§ **Task**
Line by line, repeat the material below exactly and skip the images.

§ **Source material**
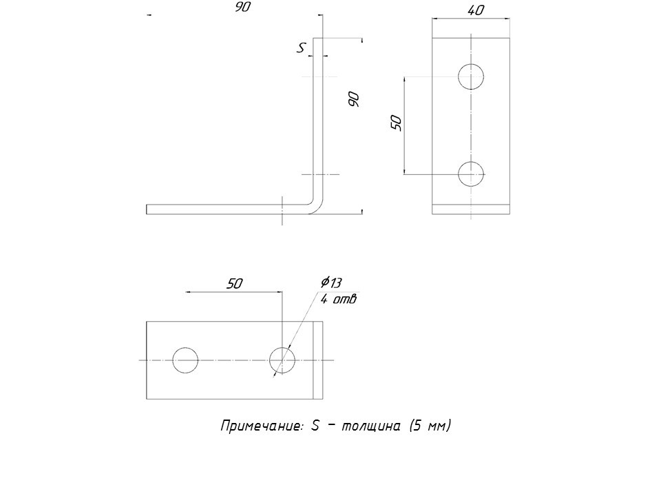 STRUT-пластина угловая 90гр, 4 отверстия HDZ EKF
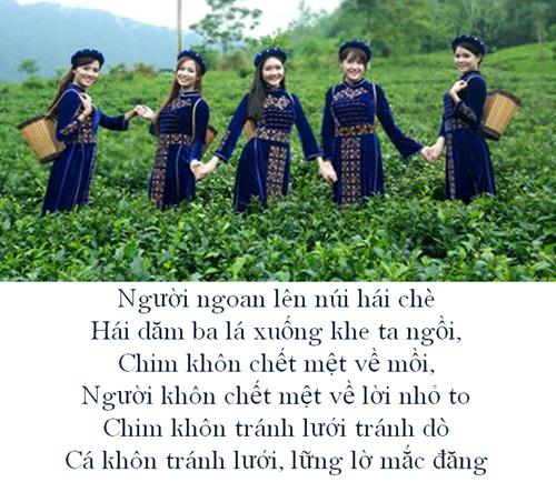 Ở miền Bắc, vùng Thái Nguyên VN có những đồi chè được trồng trên đồi núi và công việc thu hoạch được đảm đương bởi phụ nữ, do đó mà có những câu ca dao khuyên nhủ các cô gái khi đi hái chè, hái xong lo về chớ đừng bị gạ gẫm dụ dỗ, lúc nào cũng cảnh giác các cạm bẫy của cuộc đời :
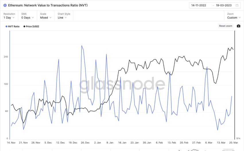 네트워크 가치 대 트랜잭션(NVT) 비율은 강세 논리를 뒷받침하는 또 다른 중요한 온체인 지표다. 3월 19일 현재 NVT 비율은 127.27로 3월 5일 213.75보다 40% 감소했다. NVT 비율의 하락은 일반적으로 네트워크의 트랙션(traction)이 상당히 증가했으며 토큰이 저평가되었다는 것을 의미한다.
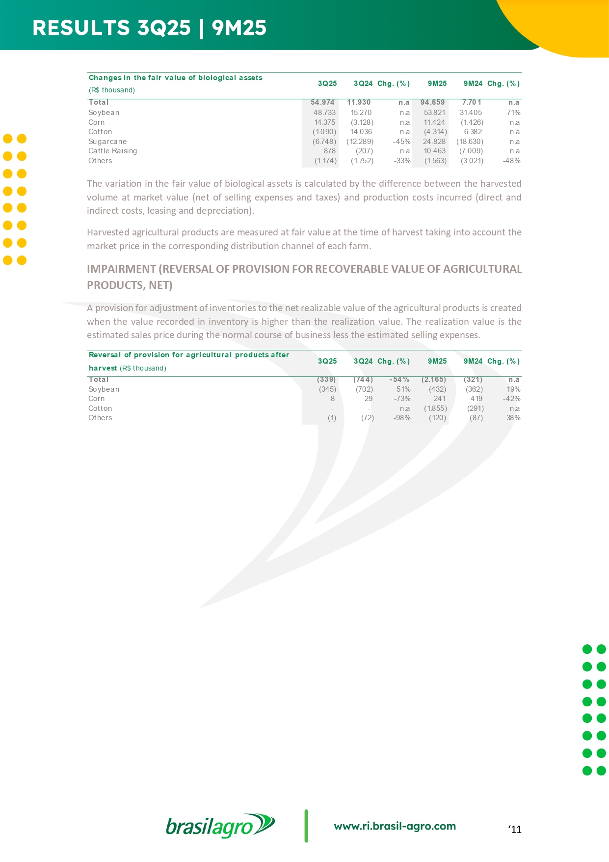 The variation in the fair value of biological assets is calculated by the difference between the harvested volume at market value (net of selling expenses and taxes) and production costs incurred (direct and indirect costs, leasing and depreciation) . Harvested agricultural products are measured at fair value at the time of harvest taking into account the market price in the corresponding distribution channel of each farm . IMPAIRMENT (REVERSAL OF PROVISION FOR RECOVERABLE VALUE OF AGRICULTURAL PRODUCTS, NET) A provision for adjustment of inventories to the net realizable value of the agricultural products is created when the value recorded in inventory is higher than the realization value . The realization value is the estimated sales price during the normal course of business less the estimated selling expenses . ‘ 11 Changes in the fair value of biological assets 9M24 Chg. (% ) 9M25 3Q24 Chg. (% ) 3Q25 (R$ thousand) n.a 7.70 1 94 .659 n.a 11.930 54 .974 Total 71% 31.405 53.821 n.a 15.270 48.733 Soybean n.a (1.426) 11.424 n.a (3.128) 14.375 Corn n.a 6.382 (4.314) n.a 14.036 (1.090) Cotton n.a (18.630) 24.828 - 45% (12.289) (6.748) Sugarcane n.a (7.009) 10.463 n.a (207) 878 Cattle Raising - 48% (3.021) (1.563) - 33% (1.752) (1.174) Others Reversal of provision for agricultural products after 9M24 Chg. (% ) 9M25 3Q24 Chg. (% ) 3Q25 harvest (R$ thousand) n.a (321) (2.165) - 54 % (74 4 ) (339) Total 19% (362) (432) - 51% (702) (345) Soybean - 42% 419 241 - 73% 29 8 Corn n.a (291) (1.855) n.a - - Cotton 38% (87) (120) - 98% (72) (1) Others

§ **Output for this task**
 STRUT-пластина угловая 90гр, 4 отверстия HDZ EKF
 Ở miền Bắc, vùng Thái Nguyên VN có những đồi chè được trồng trên đồi núi và công việc thu hoạch được đảm đương bởi phụ nữ, do đó mà có những câu ca dao khuyên nhủ các cô gái khi đi hái chè, hái xong lo về chớ đừng bị gạ gẫm dụ dỗ, lúc nào cũng cảnh giác các cạm bẫy của cuộc đời :
 네트워크 가치 대 트랜잭션(NVT) 비율은 강세 논리를 뒷받침하는 또 다른 중요한 온체인 지표다. 3월 19일 현재 NVT 비율은 127.27로 3월 5일 213.75보다 40% 감소했다. NVT 비율의 하락은 일반적으로 네트워크의 트랙션(traction)이 상당히 증가했으며 토큰이 저평가되었다는 것을 의미한다.
 The variation in the fair value of biological assets is calculated by the difference between the harvested volume at market value (net of selling expenses and taxes) and production costs incurred (direct and indirect costs, leasing and depreciation) . Harvested agricultural products are measured at fair value at the time of harvest taking into account the market price in the corresponding distribution channel of each farm . IMPAIRMENT (REVERSAL OF PROVISION FOR RECOVERABLE VALUE OF AGRICULTURAL PRODUCTS, NET) A provision for adjustment of inventories to the net realizable value of the agricultural products is created when the value recorded in inventory is higher than the realization value . The realization value is the estimated sales price during the normal course of business less the estimated selling expenses . ‘ 11 Changes in the fair value of biological assets 9M24 Chg. (% ) 9M25 3Q24 Chg. (% ) 3Q25 (R$ thousand) n.a 7.70 1 94 .659 n.a 11.930 54 .974 Total 71% 31.405 53.821 n.a 15.270 48.733 Soybean n.a (1.426) 11.424 n.a (3.128) 14.375 Corn n.a 6.382 (4.314) n.a 14.036 (1.090) Cotton n.a (18.630) 24.828 - 45% (12.289) (6.748) Sugarcane n.a (7.009) 10.463 n.a (207) 878 Cattle Raising - 48% (3.021) (1.563) - 33% (1.752) (1.174) Others Reversal of provision for agricultural products after 9M24 Chg. (% ) 9M25 3Q24 Chg. (% ) 3Q25 harvest (R$ thousand) n.a (321) (2.165) - 54 % (74 4 ) (339) Total 19% (362) (432) - 51% (702) (345) Soybean - 42% 419 241 - 73% 29 8 Corn n.a (291) (1.855) n.a - - Cotton 38% (87) (120) - 98% (72) (1) Others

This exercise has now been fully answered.